By way of degradation technique of catalytical hydrocracking for kerogens isolated and purified from above source rocks, 13α(n-alkyl)-tricyclic terpanes were only detected in the kerogen-degraded products of Hongshuizhuang black shale (Fig. 11.39b), and well correlated with the bituminous sandstone, oil-seeps and asphalt in Jibei Depression (Fig. 11.39d–f), indicating the Hongshuizhuang black shale as the sole or major source bed for the bituminous sandstone, oil-seeps and asphalt in Jibei Depression (Fig. 11.38a).

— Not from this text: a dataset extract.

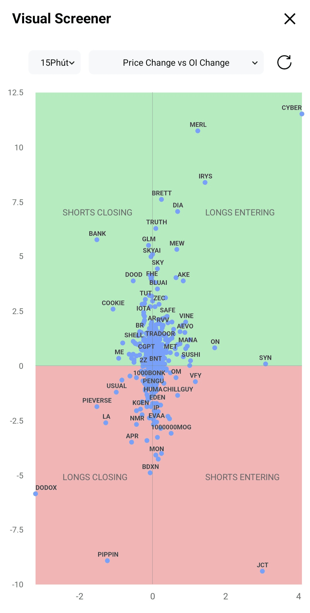 · I punti sul grafico: Ogni punto rappresenta una criptovaluta. La posizione del punto rispetto all'asse 0 indica se si trova in una zona rialzista (sopra 0) o ribassista (sotto 0).
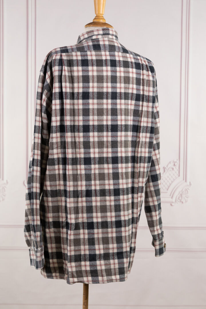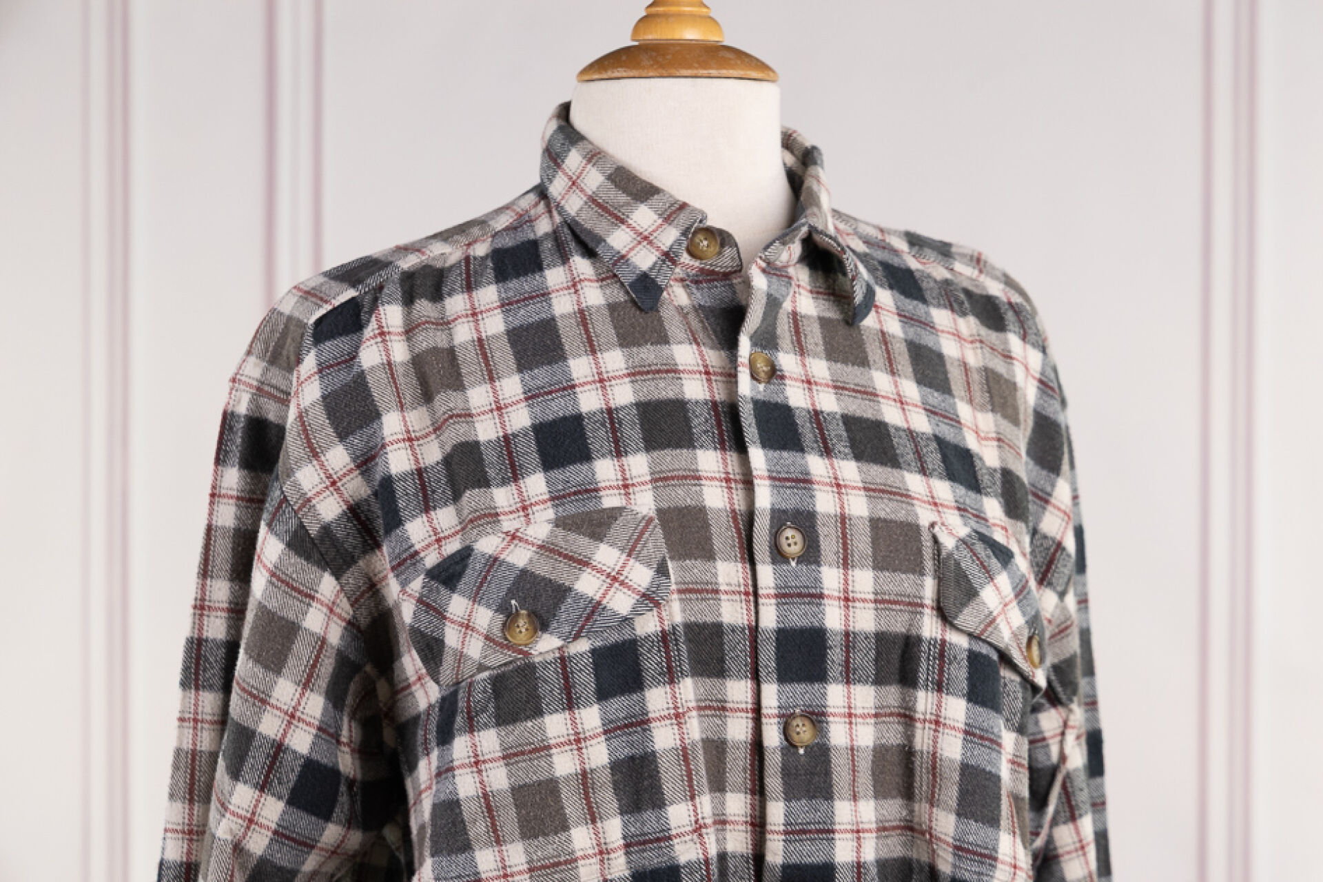 BURBERRY - Chemise homme en coton imprimé tartan kaki, rouge et blanc, deux poches poitrine à rabat boutonné, manches longues. Taille 39-15,5 Déjà portée

11.3.2.4 Significance of the Xiamaling Basal Bituminous Sands

Obviously, asphalt or solid bitumen is not fluid and can’t directly be filled into the intergranular opening of Xiamaling basal sandstone (Plate 11.1a, c, d), and thus, the Xiamaling basal bituminous sandstone should actually be the original oil sandstone, and then be altered into bituminous sandstone by the late thermo-alteration (cf. Chaps. 10 and 12). Therefore, the bituminous sandstone itself would act as the symbol of fossil-oil-reservoir, particularly at Longtangou (in Lingyuan, western Liaoning), where flesh uncemented bituminous sands are also found by means of artificial trenching operation on the outcrop of Xiamaling basal sandstone, which implies that when liquid oil was filling and entrapping into the Xiamaling basal sand-body, the sand-body had been just commenced to be cemented and its cementation was still unfinished yet during the early diagenesis. Owing to the known bottom limit age of Xiamaling Formation is 1400 Ma, i.e., equivalent to the basal boundary age of Mesoproterozoic, hence, it could also date the oil entrapment age of Xiamaling basal fossil-oil-reservoir back to 1400 Ma.

11.4 Conclusions

  1. (1)

    As for global Meso-Neoproterozoic indigenous petroleum resources, there are four regions/countries, (Lena-Tounguska Petroleum Province in Russia, Anyue Gasfield in China, Oman Basins and Baghewala Oilfield in India) containing proven geological reserves and/or commercial production; nine regions/countries having confirmed the indigenous oil, oil-seep and/or asphalts, but still no commercial production found yet; five regions/countries being revealed to possess hydrocarbon generating potential in the Infracambrian strata in the word. All the indigenous petroleum was sourced from Meso-Neoproterozoic source beds, in some cases, it could be derived from Early Cambrian source bed, and thus it is also called Infracambrian petroleum.

  2. (2)

    Mesoproterozoic to Early Cambrian indigenous petroleum occurrence includes oil, gas-condensate, gas and even asphalt (bitumen)/pyroasphalt (pyrobitumen). In view of organic matter thermo-evolution stages, the indigenous petroleum appears as different thermo-maturities from marginal mature (e.g., Baghewala oil), through mature (e.g., Oman oil and wet gas) and high-mature (e.g., Lena-Tounguska oil, gas-condensate and gas) to over-mature (e.g., Anyue cracking dry gas and pyrobitumen) phases.

  3. (3)

    Almost all the known Infracambrian oil and gas reservoirs could be attributed to late entrapment/emplacement causes. In many cases, the entrapment/emplacement ages of Meso-Neoproterozoic oil and gas reservoirs are not earlier than Early Palaeozoic time, even the oil/gas field could be formed during Mesozoic time, which would facilitate the preservation of Infracambrian oil and/or gas resources.

  4. (4)

    The Cambrian wide-spread salt beds in Lena-Tounguska Petroleum Province (Russia) and large, irregular salt bodies (salt dome) in Oman are regional super-seal favorable to Infracambrian oil and gas entrapment and preservation.

  5. (5)

    So far some distinct biomarkers such as conspicuous mid-chain monomethyl-alkanes (so called “X compounds”) and 13α(n-alkyl)-tricyclic terpanes are found in Precambrian oil and sedimentary organic matter, which may be significant to distinguish the indigenous Meso-Neoproterozoic oil and asphalt for oil-source rock correlation.

  6. (6)

    As new types of Infracambrian oil reservoir found in Oman, both intra-salt “silicilyte” and carbonate “stringer” reservoirs are self-sourced, self-reservoired and enclosed by large salt bodies. “Silicilyte” is a new petrological term specially for the microcrystalline silicon matrix, or called microcrystalline chert.